The loader was the big one from out to Mooner’s Compost Plant and the turkey manure was from this giant place over to near College Station that organically fattens its turkeys and lets them play outside for a few hours each day. While in Texas, I purchased all my turkeys from those guys. Birds were smaller overall since they got no growth enhancers, and I was especially impressed with the size and quality of their organs. Smaller, firmer and with better color, and even if it was psychosomatic, had far better taste.

Ever watch domesticated turkeys? As smart and shifty and wily and interesting as wild turkeys can be, the domesticated varietals are as opposites. Bred all the brains right out their skulls, we did. They seem to be totally paranoid, scared of their own shadows. Literally scared of their own shadows, looking over their over-plumped shoulders and jumping sideways.

Something about a turkey’s diet creates eye-watering odors. Even though turkey shit is one of the more pungent varieties of shit, it wasn’t my first choice. First choice was grease trap waste, but I’d have puked to death on the eleven-mile drive from the plant over to east Austin with 12-yards of that stuff. I can wear a Haz-Mat suit and still smell grease trap waste. Hell, typing “grease trap waste” stirs my gag reflexes.

But the turkey litter—they call turkey shit “litter” in the poultry industry—proved an effective tool as I managed to empty the entire building within maybe seven minutes. First officers arriving at the scene called the Sheriff right away. “Hey Woozie, its Mooner Johnson and you want to be here for this one.”

I shot the Sherriff a full moon and he tazed my bare ass.

Anyway, I opened the paper and read as I sipped from my cup. Sipping because it was too hot to drink, I didn’t spit a mouthful of brandy-laced coffee when I saw the headline, I merely sprayed a spritz similar to one of those tiny atomizer sample thingies at department store perfume counters.

I read the one paragraph story, reread to insure its actualities, and exclaimed, I shouted, “Hot damn!!!” and raced to my computer. I opened Googleate and typed in my query. I peered down the listings, found The Motley Fool, clicked there and found a headline that lifted my spirits to even new heights. There, on my computer screen, was proof positive that a grass roots consumer advocacy effort can be effective. I read, reread and read again.

“Hey, Squirty girl, come in here and looka this!” I shouted. “You’ve gotta see this, kiddo!”

The small brown puppy came running and jumped into my lap, read. “Holy shit, Mooner, you’ve won!”

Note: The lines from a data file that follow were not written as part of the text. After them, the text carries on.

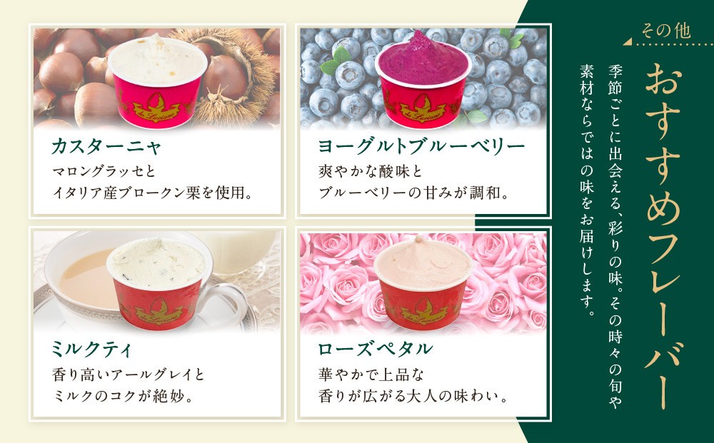 地元のお客様から人気のある、季節ごとの定番ジェラートを6種類詰め合わせてお送りします。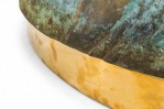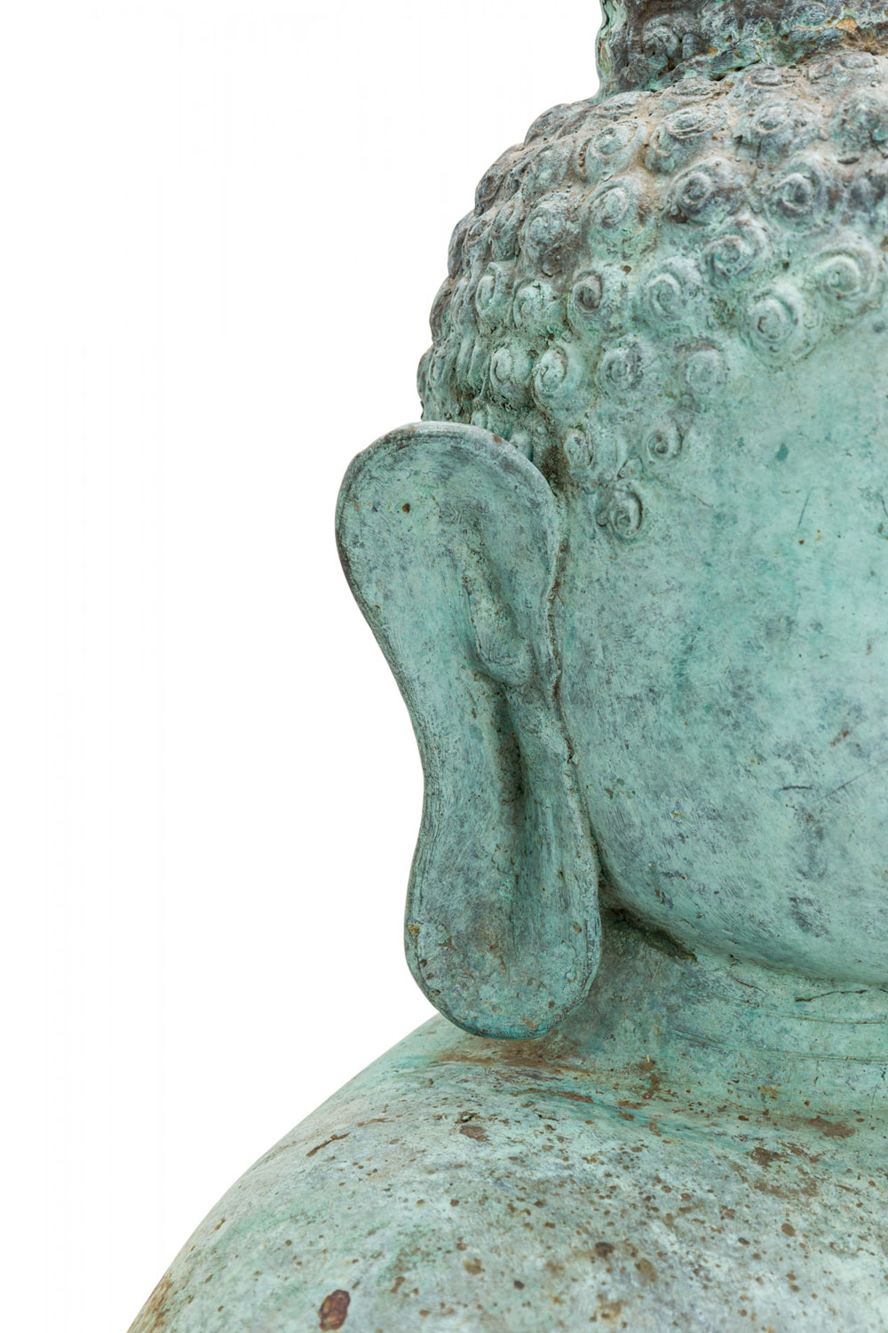 Vintage Tibetan bronze figural bust of the Buddha with a natural green patina, resting on an oval polished brass plinth.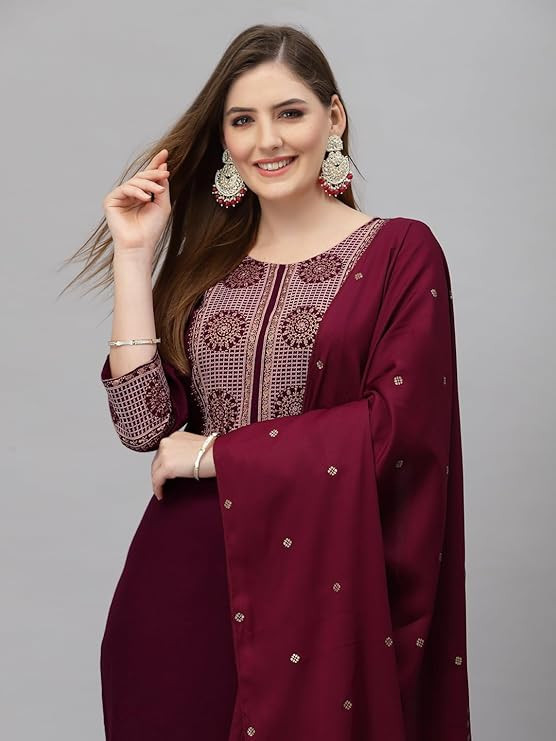 • ★ Product Material :- Viscose Slub || Colour :- Wine || Pattern :- Solid Embroidered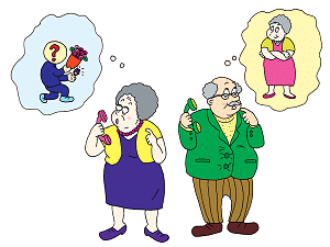 (à l'origine en anglais) DVD n° 755 Un homme âgé et une femme âgée se fréquentaient depuis environ cinq ans. L'homme a finalement décidé de lui demander de l'épouser et elle a immédiatement dit : « Oui ! » Mais le lendemain matin, lorsqu'il s'est réveillé, le vieil homme ne pouvait plus se rappeler sa réponse. « Etait-elle heureuse ? Je pense que oui ! Non, elle m'a regardé d'un air bizarre ! » Ainsi après une heure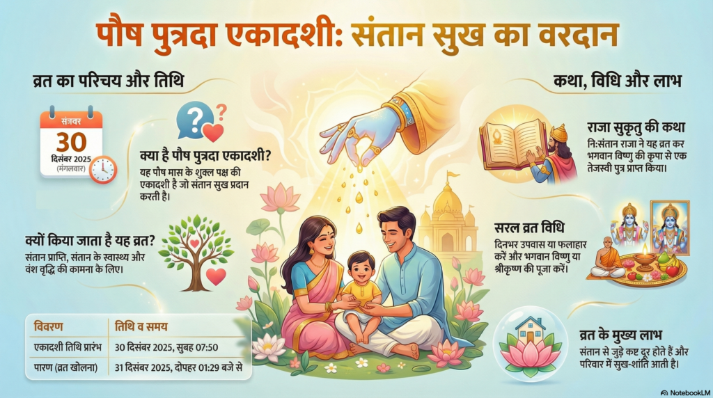 कहा जाता है कि तभी से जो भी भक्त श्रद्धा और विश्वास के साथ पौष पुत्रदा एकादशी का व्रत करता है, उसकी संतान से जुड़ी चिंताएँ दूर होती हैं और परिवार में सुख-शांति बनी रहती है।
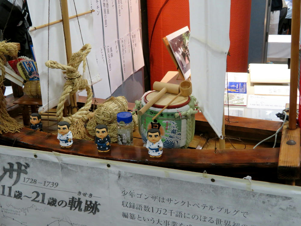 One of the other tables had this model wooden boat, with packages of shochu, and a bunch of Saigo Takamoris. (Reminds me of the 3 sets of actors (Saigo, Okubo, and Oryo) the previous weekend.) The paper tacked in front of the boat discusses Gonza. There's really not a lot of information on the net, in English or Japanese, about Gonza, but he's something of a local legend. Born in Kagoshima in the 1700's, his father apparently intended to take him by ship to northern Europe, but the ship encountered a storm and was dashed on the rocks somewhere around the Russian coastline. One Russian tribe discovered the survivors and killed everyone but the young boy. Gonza grew up in Russia, creating the world's first Japanese-Russian dictionary (not an easy feat, given that he left Japan at age 5 or 10, or something, and didn't know that much Japanese at that time). He died in Russia at age 21. Coincidentally, the merchants in Tenmonkan, on Gonza Street, had a 300th year anniversary event on Sunday.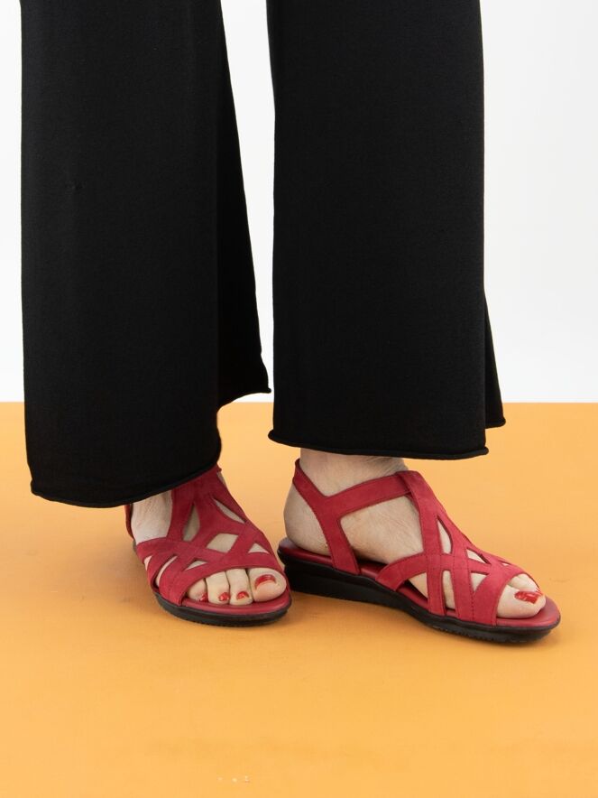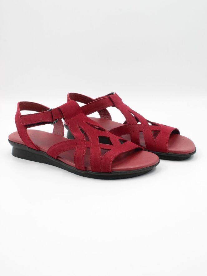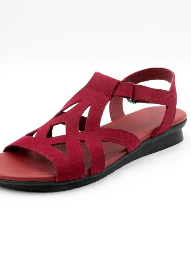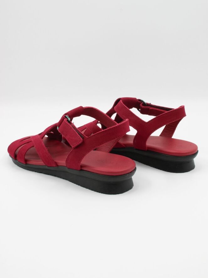 Une sandale de Arche en rouge framboise. Le nubuck est découpé dans une structure ouverte sur l’avant-pied. La bride arrière est réglable avec un scratch. La semelle intérieure est revêtue de cuir souple.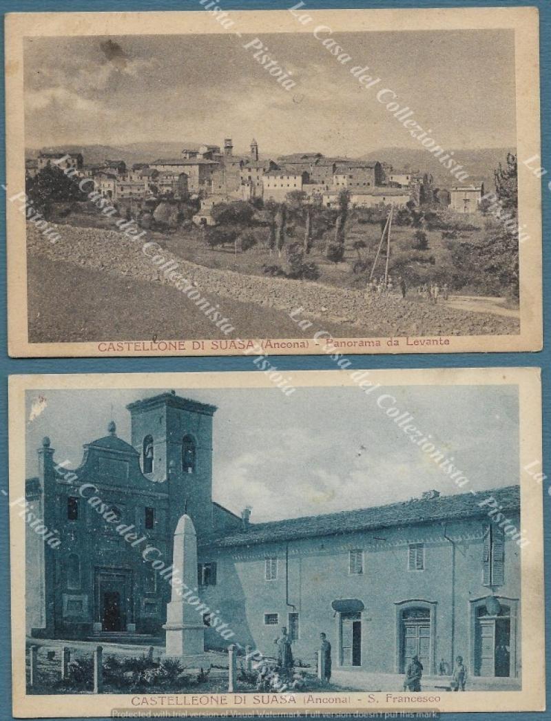 CASTELLEONE DI SUASA, Ancona. Due cartoline formato piccolo: 1) Panorama da levante, viaggiata nel 1927. 2) Chiesa San Francesco, non viaggiata, anni '30. Abrasione a retro e imperfezione al recto. (Rif.F5175)
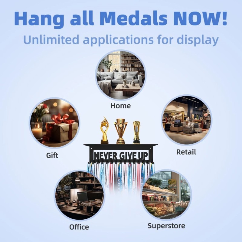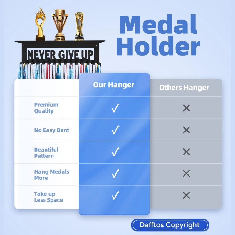 Sturdy & Durable Construction: Made from high-quality materials to securely hold your medals, trophies, and awards.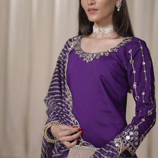 Roman Silk Purple Patiala Suit featuring exquisite zari embroidery, perfect for wedding wear.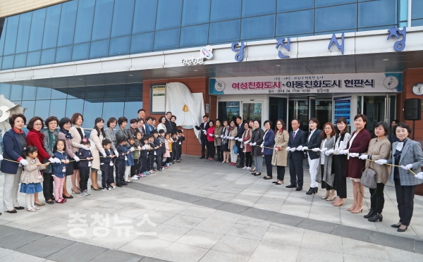 충남 당진시가 17일 당진시청사 1층에서 아동친화도시와 여성친화도시 현판식을 가지고 아동.여성친화도시 시대의 출발을 알렸다.

“War’s not over yet, Sweetie Pie, but we’re winning some big ones.”

We celebrated what we read, as there, on my computer screen, was this:

“Walmart Is Falling Apart Before Our Eyes

Wal-Mart is no longer the popular retailer it once was and beneath the surface it’s starting to show the same cracks that brought Kmart and Sears to their knees. “

As an atheist, I didn’t thank God for this gift, I thanked you, the readers of the drivel posted herein. Thank you, thank you, and thanks some more. My plans to topple this giant of American retailing greed is working with all of your help! Not that our job is completed because fucking Walmart will not be a finished task until Alice Walton applies for food stamps. Now that we have them on the ropes, it’s time to apply evermore pressure. Speak loud and proud. Say it aloud with me. Say:

Fuck Wal-mart! Fuck Wal-mart! Fuck Wal-mart!